Pat has both complied with and struggled bravely against a punitive bureaucracy that can remove children on hearsay. She has twice been acquitted of false charges, including “kidnapping” her own children. A psychologist has described her as a capable and good mother.
Josie Crawshaw, the former director of a respected families’ support organisation in Darwin, told me, “In remote areas, officials will go in with a plane in the early hours and fly the child thousands of kilometres from their community. There’ll be no explanation, no support, and the child may be gone forever.”
In 2012, the Co-ordinator-General of Remote Services for the Northern Territory, Olga Havnen, was sacked when she revealed that almost $80m was spent on the surveillance and removal of Aboriginal children compared with only $500,000 on supporting the same impoverished families. She told me, “The primary reasons for removing children are welfare issues directly related to poverty and inequality. The impact on families is just horrendous because if they are not reunited within six months, it’s likely they won’t see each other again. If South Africa was doing this, there’d be an international outcry.”

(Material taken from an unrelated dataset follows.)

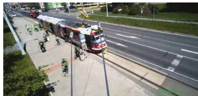
Plzeňská firma Amitia vyvíjí systémy, jež jsou schopny analýz pohybu chodců i automobilů a zjišťují zdroje zácp v městském prostředí.

Druhou významnou oblast, která se zaměřuje na obce a státní správu, tvoří automatické zpracování dokumentů. „Pro zpracování dokumentů nabízíme systém, který umí automaticky určit typ dokumentu a vytěžit z něho potřebné údaje. Toto řešení se hodí především tam, kde je vyžadováno velké úsilí k opakovanému přepisování údajů z většího množství dokumentů různého typu. Umíme si poradit i s ručně psanými texty. Chytrá města mohou například ocenit řešení pro online publikování obecních kronik s funkcionalitou vyhledávání informací v ručně psaných textech,“ uzavřel Milan Legát.

She and others with long experience I have interviewed have echoed the Bringing them Home report, which described an official "attitude” in Australia that regarded all Aboriginal people as “morally deficient”. A Department of Families and Community Services spokesman said that the majority of removed indigenous children in New South Wales were placed with indigenous carers. According to indigenous support networks, this is a smokescreen; it does not mean families and is control by divisiveness that is the bureaucracy’s real achievement.
I met a group of Aboriginal grandmothers, all survivors of the first stolen generation, all now with stolen grandchildren. “We live in a state of fear, again,” they said. David Shoebridge, a State Greens MP told me, “The truth is, there is a market among whites for these kids, especially babies.”
The New South Wales parliament is soon to debate legislation that introduces forced adoption and “guardianship”. Children under two will be liable – without the mother’s consent – if “removed” for more than six months. For many Aboriginal mothers like Pat, it can take six months merely to make contact with their children. “It’s setting up Aboriginal families to fail,” said Shoebridge.
I asked Josie Crawshaw why. “The wilful ignorance in Australia about its first people has now become the kind of intolerance that gets to the point where you can smash an entire group of humanity and there is no fuss.”